The diverse but predominantly white crowd made their way across town, singing and chanting for peace and equality.
“I’m marching because racism is heavy in our area,” said Ken Davis, a white resident of Lexington.
His wife, Laura Davis, who is black, said, “It needs to end. I mean, we’re all the same.”
While the group marched, a substantial but smaller group of Confederacy enthusiasts gathered on the northwest edge of town outside a gun shop. Bagpipes played, and the crowd roared. They raised a giant battle flag, and announced it was the 25th they had hoisted on private property in response to the removal of battle flags from government buildings in recent years.
Afterward, they reconvened at the Stonewall Jackson Memorial Cemetery in Lexington.
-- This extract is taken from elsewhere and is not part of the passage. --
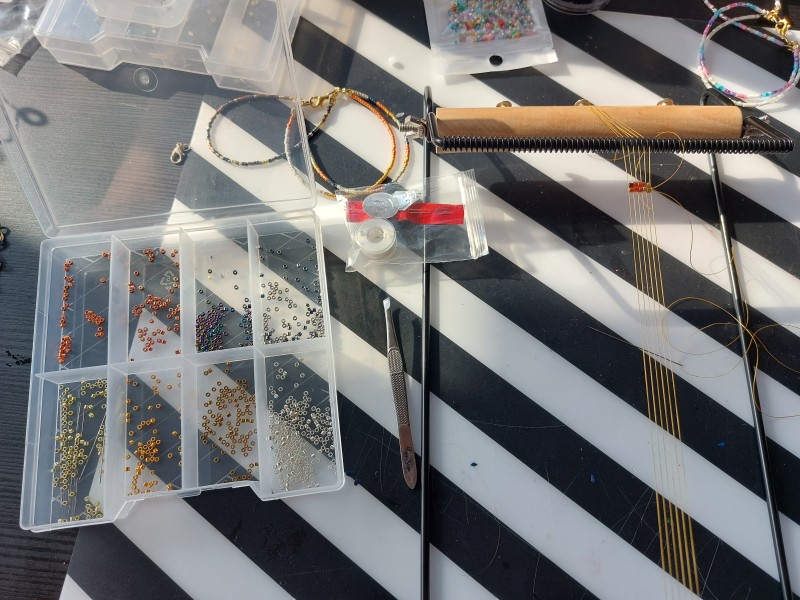 The age-old tradition of weaving, now in the palm of your hands! Beading loom is comprised of deluxe metal construction and has correctly-spaced metal thread separators. Weaving is simple and safe with no sharp edges to cut or damage thread. Using seed beads, the beading loom is perfect for creating various woven desings, from small amulet bags to long, stylish belts!

Susan Hathaway, the leader of a group called the Virginia Flaggers, had a message that sounded strikingly similar to one that King paraders had heard from their organizers less than an hour earlier — but one with a different goal.
“We are losing this war on a lot of fronts,” she said. “And folks, if we don’t learn to come alongside of people who might look a little different than us, who might have a different way of doing things, and find ways that we can work together like we did today, we’re not going to get very far.”